El protagonista aprende, y con él el lector. La estructura narrativa es cíclica y moralizante: cada episodio termina en una reflexión ética. La voz del narrador —a veces omnisciente, otras veces testimonial— se mezcla con disquisiciones filosóficas sobre la virtud, el conocimiento, la ley o la educación. En esto, Lizardi sigue la tradición de Rousseau y de la Enciclopedia francesa, pero adapta sus ideas al contexto americano: propone una modernidad moral y racional, no elitista.
Formalmente, la novela combina varios registros: el diálogo socrático, la digresión ensayística, el humor popular y la crónica costumbrista. Esa variedad de formas refleja el carácter múltiple del nuevo espacio americano, donde la literatura se convierte en laboratorio de ciudadanía.
Además de El Periquillo, Lizardi escribió otras novelas que desarrollan un mismo proyecto de educación social. En La Quijotita y su prima (1818), plantea el contraste entre dos modelos de formación femenina: una educada en la lectura, la razón y la virtud, y otra en la frivolidad y el dogma. Aquí Lizardi cuestiona el modelo patriarcal de educación colonial y reivindica una subjetividad femenina ilustrada, adelantándose incluso a los debates feministas del siglo XIX.
En Don Catrín de la Fachenda (1825), retoma la sátira social para denunciar el arribismo, el racismo y el esnobismo de las élites criollas. La voz del protagonista —un "catrín" arrogante y racista— sirve para exhibir, por contraste, la miseria moral de una clase dominante que desprecia al mestizo y se avergüenza de sus raíces.

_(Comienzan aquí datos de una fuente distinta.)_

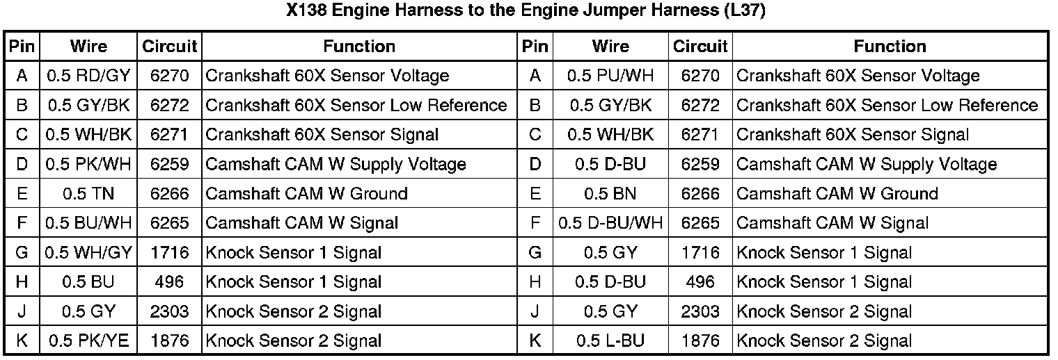 X138 Engine Harness to the Engine Jumper Harness (L37)

Estas novelas comparten un esquema común: uso del humor, estructura episódica, narrador moralizante, crítica social y apelación al lector como sujeto reformable. En todas, la literatura no es sólo entretenimiento, sino una herramienta de transformación social.
El proyecto intelectual de Lizardi es indisociable del nacimiento del México moderno. Su obra busca construir una identidad nacional crítica, ilustrada y mestiza. A diferencia de los escritores criollos que idealizaban la herencia española, Lizardi denuncia el legado de opresión colonial. Al mismo tiempo, tampoco abraza sin reservas la modernidad europea: su discurso se basa en una adaptación racional de las ideas ilustradas al contexto americano, que incluya a indígenas, mestizos y clases populares.
Su defensa de la educación pública, del laicismo, de la libertad de prensa y del juicio racional lo convierten en uno de los padres intelectuales del liberalismo mexicano. Es, en muchos sentidos, el precursor de figuras como Valentín Gómez Farías, Benito Juárez o Ignacio Ramírez.
José Joaquín Fernández de Lizardi representa una de las figuras más singulares del pensamiento y la literatura en la América hispana del siglo XIX. En su pluma confluyen la ironía del moralista, el ímpetu del reformista y la imaginación del novelista. Su obra es testimonio y acción: registra los males de su tiempo y propone caminos de emancipación. Como El Pensador Mexicano, su apuesta por la razón, la justicia y la palabra libre sigue resonando como un acto fundacional en la historia intelectual de México. Lizardi no sólo anticipa el futuro: lo escribe.